More than a Cake

July 1, 2017
2 mins read

The Supremes enter the Cupcake Wars:

Jack Phillips … ignited a national debate after he refused to create a wedding cake for a gay couple in 2012… [T]he nation’s highest court is now tasked with striking a balance between the religious rights of Phillips with the couple’s right to equal treatment under the law…
“This has always been about more than a cake,” David Mullins, one of the men who tried to purchase the wedding cake, said in a statement this week. “Businesses should not be allowed to violate the law* and discriminate against us because of who we are and who we love.”
Mullins’ husband, Craig, added that the two are “disappointed” that the court has continued with the case.

David Mullins is absolutely correct that this fight is about more than a cake, but it’s not about the ideals he claims. With the Gaystapo as with other minions of the Left, the issue is never the issue. The issue is always The Revolution.  In this present case, what is at question is to what extent Christians are to be forced to publicly acknowledge the rightness of sexual perversion.
While the press and even the courts have claimed that this poor couple are the victims of some sort of bigotry, it is in fact the baker who is the purposely-injured party.
Let’s look at it this way. In NYC, a humble Jewish dough puncher is asked to bake a swastika cake with the caption Six Million Birthday Wishes across the top. He is then threatened with bankruptcy via lawsuit if he refuses. Such a cake might be procured from any of a hundred nearby bakers, and yet the buyer very loudly insists that this baker make it because of who he is. Who among us would not argue that it is the cake maker being harassed?
It is the same for a black baker tasked with baking a Klan cake.
It is the same for a Muslim tasked with making a cake with a picture of Mohammad on it.
It is the same for the Christian baker.  The homosexual couple specifically chose a Christian baker because he knew the baker would find their request offensive. This case was not a single event. It was but one tactic employed in a nationwide battle — there are literally dozens of public cases in different states where a Christian was asked to bake an offensive cake and then was sued or publicly shamed for refusing.
It was never about the cake, it was always about the baker.
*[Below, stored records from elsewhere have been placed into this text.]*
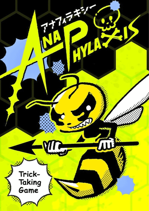 AnaPhylaxis is a trick-taking game where players must follow suit, navigate shifting trump interactions, and balance risk through a limited-use Pass mechanic. With a 28-card deck featuring duplicated high-value bees, players aim to win point cards without duplicating colors and numbers. Each round allows two critical Passes to avoid dangerous tricks, while a Pokémon-style weakness system lets certain suits beat others depending on the lead. Hands are slightly manipulated through card-passing, and the game’s fast knockouts and tactical sacrifices ensure that every decision could be fatal or victorious. The player with the highest total after several brutal rounds wins.
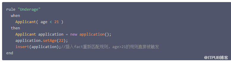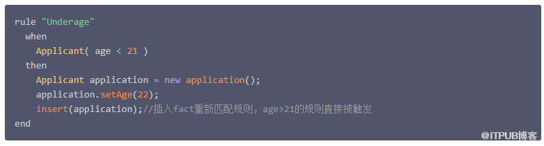 作用:修改工作内存中fact数据,并让相关规则重新匹配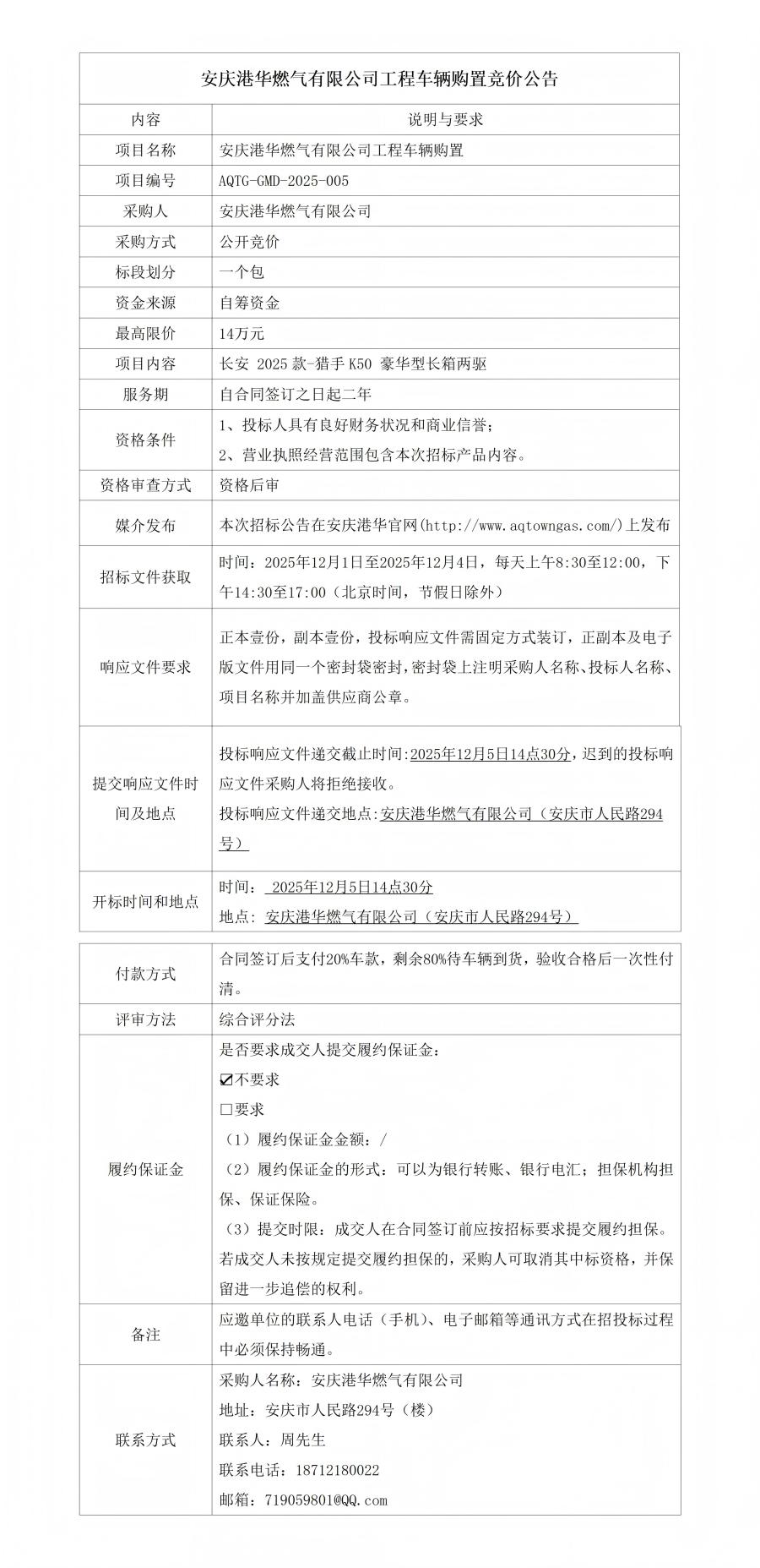 安慶港華燃?xì)庥邢薰竟こ誊囕v購置競(jìng)價(jià)公告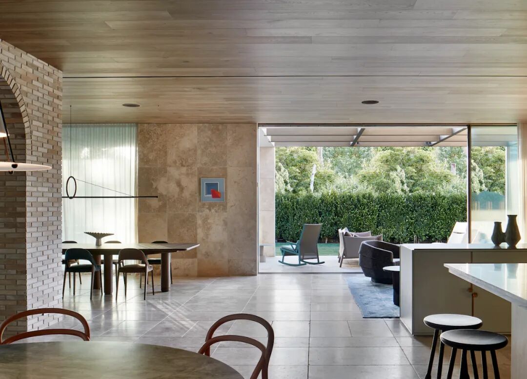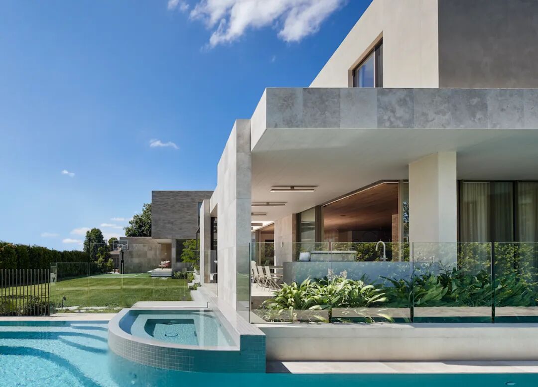 客户想要一个可以举办大型聚会和舒适住宿、紧密联系的儿童社区的家。为了实现这一目标,设计师努力阐明三个层次中的每一个,并确保私人和共享空间之间的自然平衡。进入一楼的房屋后,一条光线充足的通道将带您经过一系列内部庭院,进入宽敞的厨房、起居和用餐空间。这个有趣的中心”延伸到一个户外用餐露台和北跨花园,设有游泳池,水疗中心和篮球场。家庭办公室和大型家庭图书馆可容纳在家工作和学习,隐藏在家的前面,远离活动。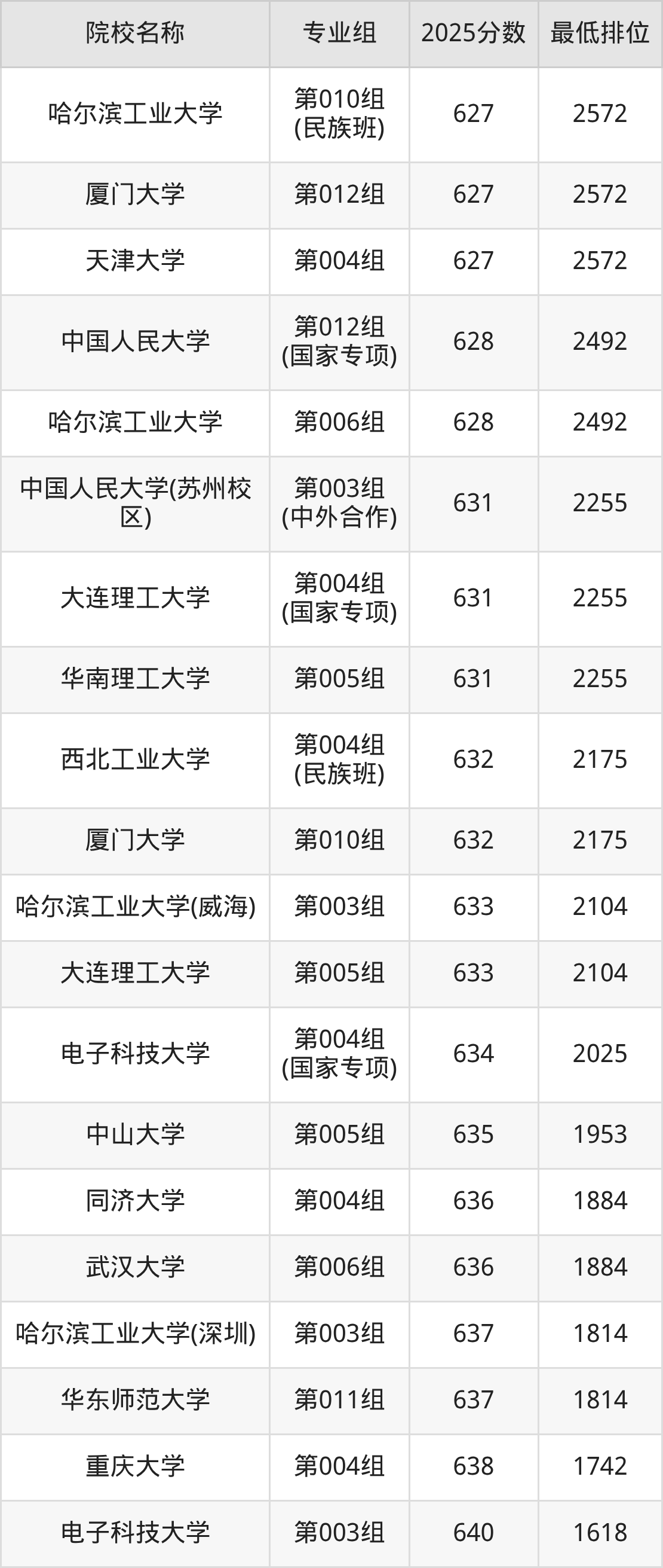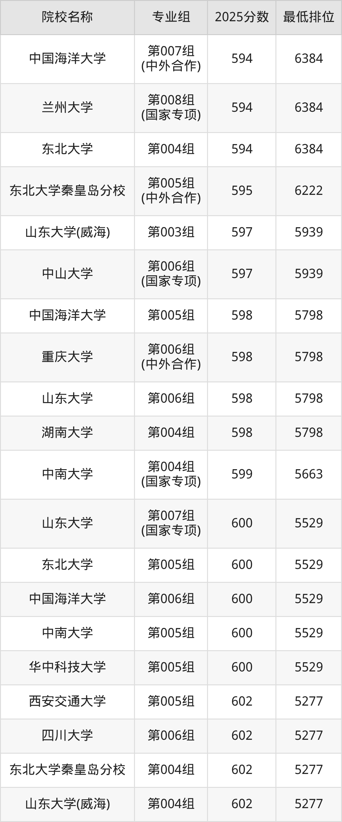 第二梯队(581-669分):西北农林科技大学(第002组是581分)、东北大学秦皇岛分校(第001组是586分)、厦门大学(第004组(马来西亚分校)是586分)、大连理工大学(第002组是586分)

Either the baker submitted to what he knew to be evil – in which case the couple scores a rainbow-colored feather for their cap — or they would destroy him and his family financially and emotionally as a warning to other Christians who dared to speak out against sexual disorientation.
Even though we have a ‘conservative’ court and a Republican administration, this is not a case where decency and common sense are guaranteed a win. Our own Justice Department celebrates aggressive transgenderism. Our local police cruise about in rainbow-decorated cars, and not to recall Noah’s flood, either. Our campuses and airwaves are nearly unanimous in their celebration of all manner of sexual depravity.  Our culture is in complete collapse, and I expect that no amount of politicking is going to change that.
The days are coming and are now here when each of us will be drafted into the same Cupcake Wars, though perhaps into a different arena. Each of us will be forced to take a stand. Each of us will be forced to pay a price.
For this is about more than a cake.  It’s even about more than fairness or law or discrimination. It’s ultimately about what kind of a world we will leave our children: one in which God’s designing hand is acknowledged and respected, or one in which Man is no more than an animal, driven only by chemical urges, and required by force of law to act that part.
* The reasons claimed are all the more laughable as in 2012, when the couple asked Phillips to bake them a wedding cake, the homosexual parody of marriage was still illegal in Colorado.

El Borak is an historian by training, an IT Director by vocation, and a writer when the mood strikes him. He lives in rural Kansas with his wife of thirty years, where he works to fix the little things.